Sambora’s own mother fractured her hip six weeks ago and he has been making trips back and forth from California to New Jersey to care for her.

He said: “I’m her only son, so I have to come out here and make sure her doctors are OK. But she’s doing well. Everything has its time and I needed to be with myself for the first time in a long time. I had some time to grow up, because rock ‘n’ roll will make you a virtual 17-year old. I needed to be with the kid, go to the parent/teacher conference, take out the garbage and pick up the dog poop, then watch her play and put on her sweet 16 party.”

As for 2014, people are still wondering if Sambora will rejoin Bon Jovi.

He said: “Yes, I would think about it for sure. There’s no malice here. You get along for 30 years, that’s a damn good marriage. I was coming out of something a little bit different with my solo record, Aftermath of the Lowdown, and it just didn’t go in the right direction for me artistically, which is not to say it’s a bad thing.”

“I did 14 cycles for 30 years, so I missed a lot. A lot of life happened. And I also had three solo albums and tours, wrote songs for other people. Burnt isn’t the right word, but I almost fell out of love with music and I needed to fall in love with it again.”

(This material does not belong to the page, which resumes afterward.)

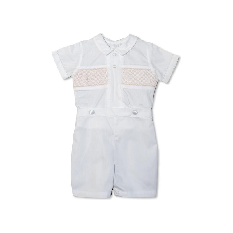 Dress your little one in timeless elegance with our beautifully tailored Boys Bobbie Suit, perfect for his special christening day. This charming two-piece ensemble features a crisp white shirt with delicate pintuck detailing and a Peter Pan collar, paired with soft, pleated shorts that button securely at the waist. Crafted from premium cotton or a gentle cotton-blend fabric, it ensures comfort for your baby while maintaining a polished, traditional look. Finished with decorative buttons and subtle embroidery, this outfit is a graceful choice for religious ceremonies, photo sessions, and treasured family moments.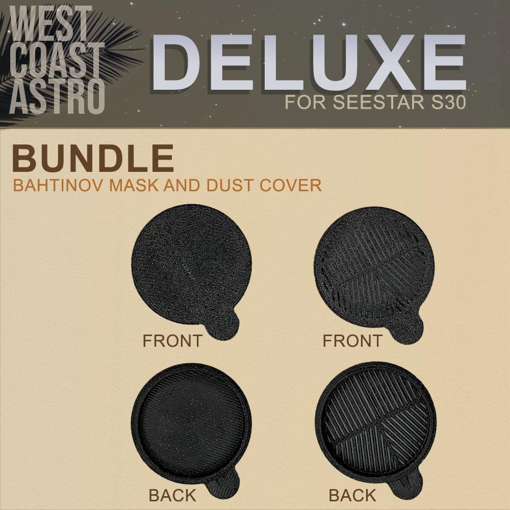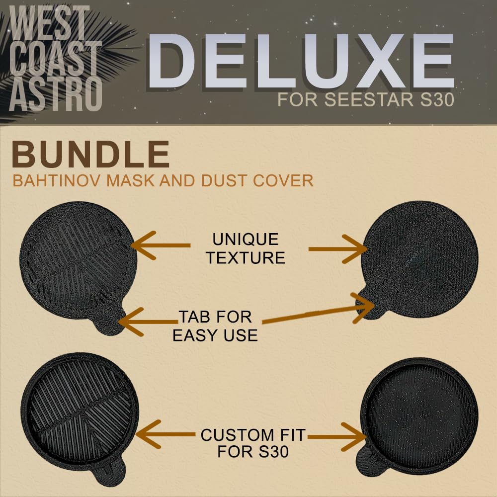 This includes BOTH the West Coast Astro Deluxe Dust Cover and the Deluxe Bahtinov Focusing Mask Custom. 3D Printed for and precision fit for the ZWO Seestar S30 (The WHITE Seestar).

“When we mature in our age, you have a different pace, because it gets so complicated with family. The guys had a different pace and I didn’t agree with it. Everybody thinks you are nuts because this rock star life is such a glamorous thing, but let me tell you something. In the ‘80s it was fantastic, but now, there is nothing going on.”

“When you’re sick on the road, it’s the worst. That’s when you become the most vulnerable and neurotic. You become scared. If I had a cold or a chest infection, and I had to sing all those high parts, there was stage fright. Because when you walk out in front of an audience of over 70,000 people, you’ve got to be on your game. They deserve it.”